私は先程、一人の魔女の顔の前に手の平を翳し、殺そうとした。
命を奪おうとしたのだ。
まるで33人を殺し一つの街の魔力を奪い尽くした一度目の復活を果たす前の私のように
それは愛伽から貰った説諭書に明確に違反した行為であった。
三島椎名に許されていない「契約」で許されていない行為だった。
だからこそ、私は殺せなかった。
三島と愛伽の二人の命と、色欲の一族の皆の命を天秤にかけ前者を選んだのだ。
だからこそ、私は魔女の頬をただ光が霞めるのを見届け、
だからこそ、私は項垂れながらも前を向き
だからこそ、私は分からないながらも考える。
どうして私は目の前の人を殺せなかったのか、自分が「契約」によって死ぬのが怖かったのかと。
三島椎名と鏡月愛伽が死ぬのが恐ろしかったのかと。
答えは当然決まっていた。
「分からない、私には命の価値が分からない。
だから選べなかった、
目の前の魔女を殺せなかった、色欲の一族を、色欲の街を救い皆を助ける選択を取れなかった」
「ごめんね、鈴。」
そんな言葉と共に目の前の魔女が杖を振りかぶれば、
目を瞑りその時を待った。
けれどガキィという音に目を開けば
白い手の平が、白い外套が揺らめき、
私を何処かから見ていた筈の七つの目を持つ白い仔羊の面をした何かの手指が魔女の杖を受け止めていた。
まるで思い描いていた通りに
「開け、門よ。
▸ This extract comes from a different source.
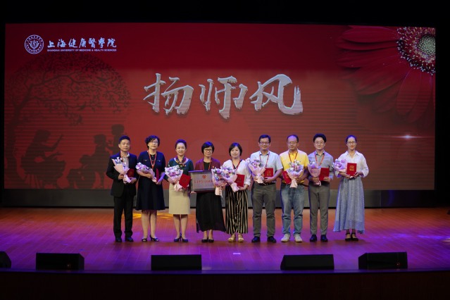 在第二篇章《扬师风》环节,播放了专题宣传片《育德医守健康》再现了公司获得“上海市三八红旗集体”团结进取,攻坚克难,一心一意投入到健康事业的先进事迹。公司党委副书记、纪委书记李明磊宣读了2018-2019年度各类先进名单并颁奖,公司党委书记郑沈芳宣读第四届董事长奖及董事长奖提名奖并颁奖,公司党委副书记于莹宣读30年教龄员工名单并颁证。

」
そう女神のように笑めば、
「模倣」した空間転移魔法を使って空間を割り、
利用する対象であるあの方と眼前に居る一人の魔女を攫うように私は「城」の広場から姿を消した。
紛らわしい行動は取るべきではない。
紛らわしい行動を取ればそれは当然面倒な事と成るからだ。